Good. The proposal under consideration, which the White House apparently thinks is the key to buying a lot of senior votes next year and taking the Medicare issue from the Democrats, was poorly thought out to begin with. Some Republicans thought it might be acceptable if they could sneak in a bit of reform. But Senate Democrats saw it coming and say they’ll block it.

That would be the best outcome for all concerned, especially for Americans on the verge of retirement.

The dirty secret of the proposed prescription drug “benefit” is that it would displace existing private-sector drug coverage for millions of seniors. About 78 percent of older Americans now have drug coverage, either through private insurance or plans sponsored by former employers as part of a retirement package.

The Congressional Budget Office estimates that 37 percent of retired employees who now have employer-sponsored health coverage would lose it if this new program were enacted. The new “benefit” would in many cases be more expensive and less comprehensive than what they had before. For those dependent on prescription drugs, that could be more serious than a mere inconvenience.

The other problem, of course, is that a Medicare prescription drug benefit would be a massive new entitlement program of unknown cost. Estimates put the cost at $400 billion over 10 years, or about $40 billion per year, but in fact nobody knows what it would really cost.
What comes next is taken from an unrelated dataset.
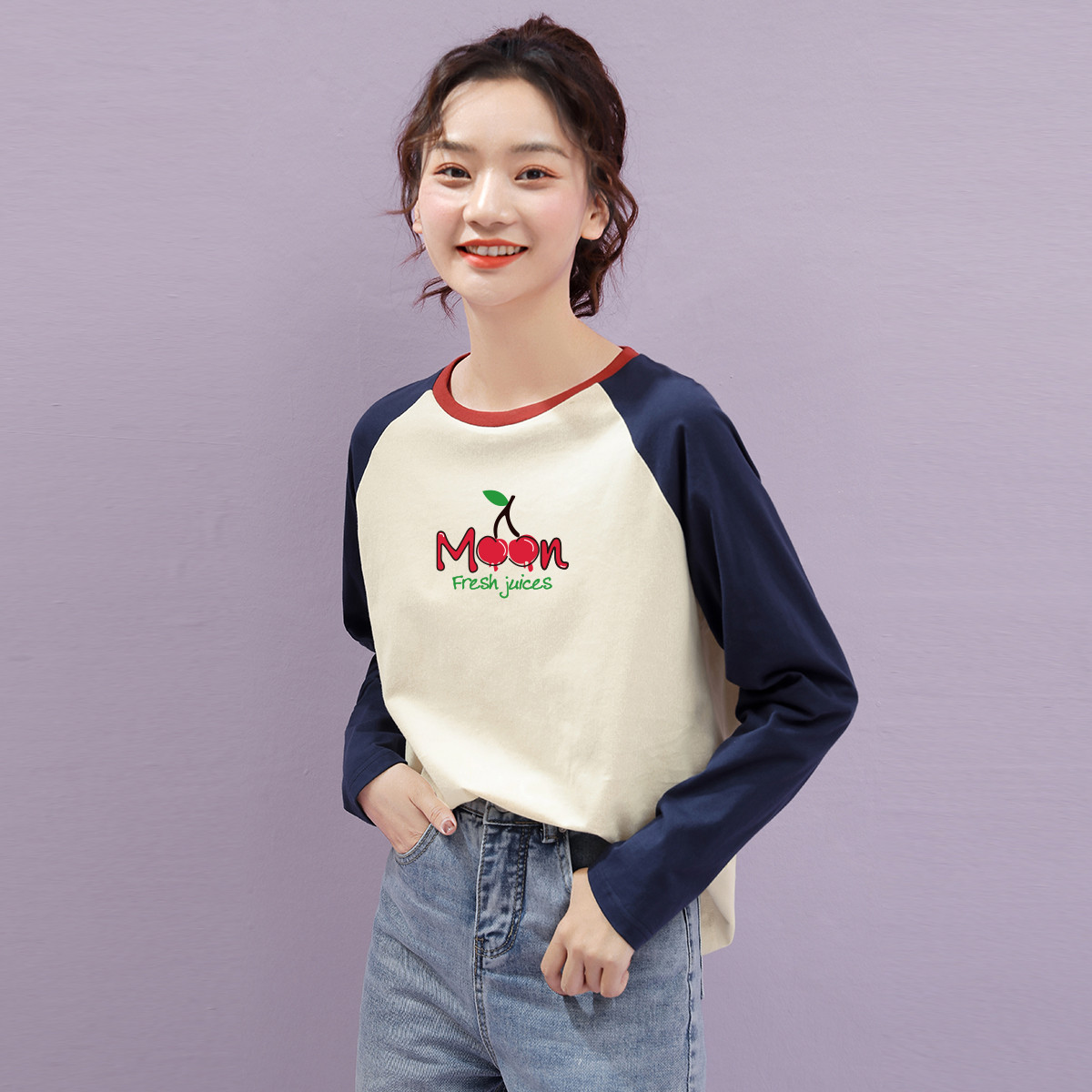 米子旗春秋款圆领女式T恤樱桃印花长袖上衣撞色简约百搭 107674

Every early estimate of Medicare costs has been well below the actual cost.

To begin such a program when the federal government is running deficits again, when spending is increasing by 12.5 percent a year (compared to 2.4 percent a year during the Clinton years), would be the height of irresponsibility.

A few conservatives thought this might be acceptable if they could get the overall Medicare program reformed. They proposed copying the Federal Employees Health Benefits Program, which offers federal employees a choice among a wide range of health plans, with the government paying a fixed amount toward the premium and employees having the option of paying more for more comprehensive coverage. Senate Democrats object, calling that “privatization.” Invoking that word apparently obviates the need for actual argument.

The House-Senate conference committee proposed a “demonstration project” of this proposal. However, as Robert Moffit, director of the Heritage Foundation’s Center for Health Policy Studies, said (citing numerous examples), demonstration projects in Medicare “more often kill reform than facilitate it.”

Congressional Republicans should be content to let this proposal die. They should also let the White House know they’re tired of half-baked proposals offered for short-term political gain.